Tuesday, 27 May 2008

Sara Maitland and Linda Cracknell at the Robert Burns Centre

Review for Galloway paper


The Robert Burns Centre saw a welcome return to two well-kent writers in the area. Linda Cracknel, who has been involved in “Create” doing workshops in Dumfries and Galloway schools and Sara Maitland, Galloway’s own homegrown writer who grew up near Dalbeattie, she has recently returned to Galloway with her husband who is a dairy farmer.

Sara and Linda are also well- known to each other as Sara was Linda’s tutor when as a young writer she embarked on an Open College of Arts course. They also worked together again on a British Council Led project, pairing established British writers with young African writers being mentored and tutored through email.

The event last night was extremely lively and enjoyable chaired with great skill and dexterity by local writer and lecturer Tom Pow.

The evening kicked off with both writers reading from their new collections of short stories, “The searching Glance” by Linda Cracknell and Far North and Other stories by Sara Maitland. One of Sara’s stories has been turned into a major film starring Sean Bean. Sara said publishers found it prudent to advertise such facts on the front covers of books!


Each writer demonstrated a very different style; Linda’s story – “And the Sky was Full of Crows” was a densely crafted love story with tragic implications full of colourful and visual imagery .One phrase that stuck in my mind was “the glamorous colours of pheasants” She explores themes of loss and abandonment and laughingly described the stories as her “misery stories” and said that she found it hard to get away from these themes.
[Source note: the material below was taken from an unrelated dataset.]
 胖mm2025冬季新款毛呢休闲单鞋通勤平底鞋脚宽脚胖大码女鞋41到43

Sara’s story “Swans” is rooted in the Galloway landscape, in it she explores the theme of silence using the framework of the fairytale Six Swans.
Tom asked her why she used this tradition and she replied in remarkably candid way that that as she is very lazy and as these stories had worked for 2000 years in many countries it meant she knew they worked and therefore didn’t have to come up with a new one.
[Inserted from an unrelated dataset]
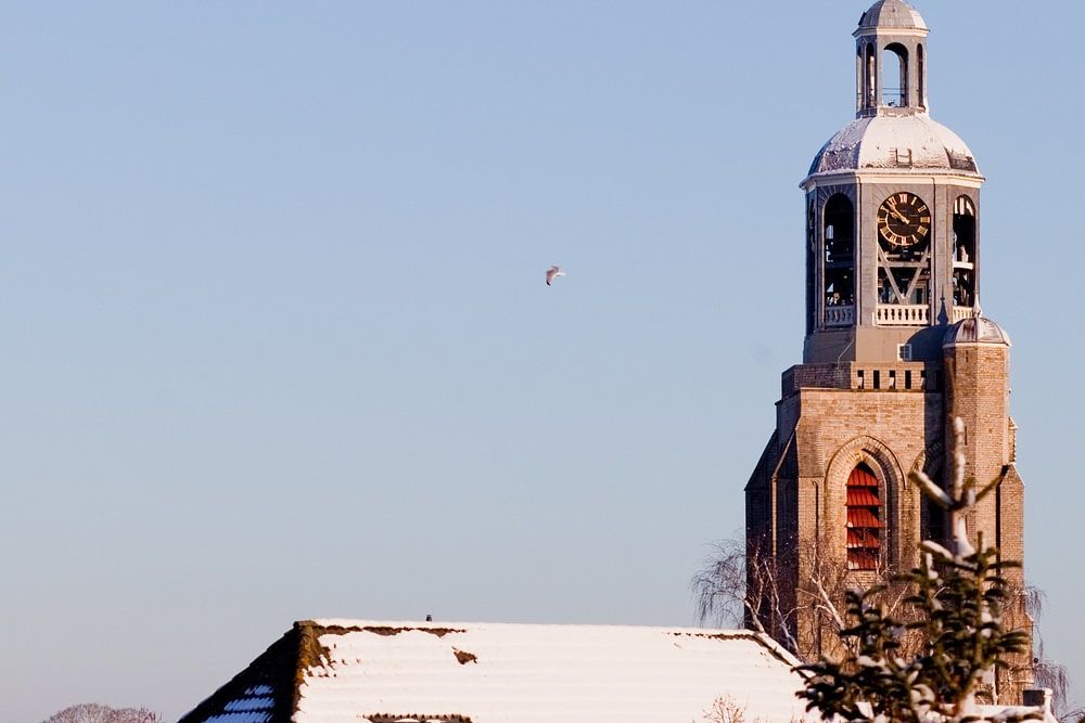 Blick vom Zentrum von Bergen op Zoom auf den Peperbus. Der markante Turm der St.-Gertudis-Kirche ist im Winter unter einer dünnen Schneedecke bei klarem Himmel zu sehen.

Tom Pow said that Linda’s influences are from a naturalistic/Checkovian line but that Sara uses sources of fairytales and myths and her work is derived from the oral tradition.
Sara summed it up succinctly; “ a short story is a poem that doesn’t have to scan and a novel that doesn’t have to bother with the characters’ psychology.”

This led to a lively and heated debate about the difference between the “Literary” short story and the short story derived from the oral tradition.
Tom Pow said that Linda’s writing influences are from a naturalistic/Checkovian line but that Sara uses sources of fairytales and myths and her work is derived from the oral tradition.

There was even advice for writers’ block, Linda favoured a practical approach; go for a walk, as walking is a meditative thing and always gives ideas, Sara was more radical and said she thought that the term was “heroic” and used just to prove that you were a writer . She thought if a writer had writers’ block they had to work out why they were in the wrong circumstances. Perhaps, for example, if they had been writing non-stop for 6 months every moment of the day, they had to have a break which would give them time to think.

The evening finished with recommendations of favourite short stories: Sara recommended:
“Blue Juice” by Margo Lanigan,
“Collected Short Stories” by GracePaley
“In the Blue Fields” by Claire Keegan.

Linda recommended: "Writing Short Stories” by Ailsa Cox and anything by either Janice Galloway or A.L. Kennedy.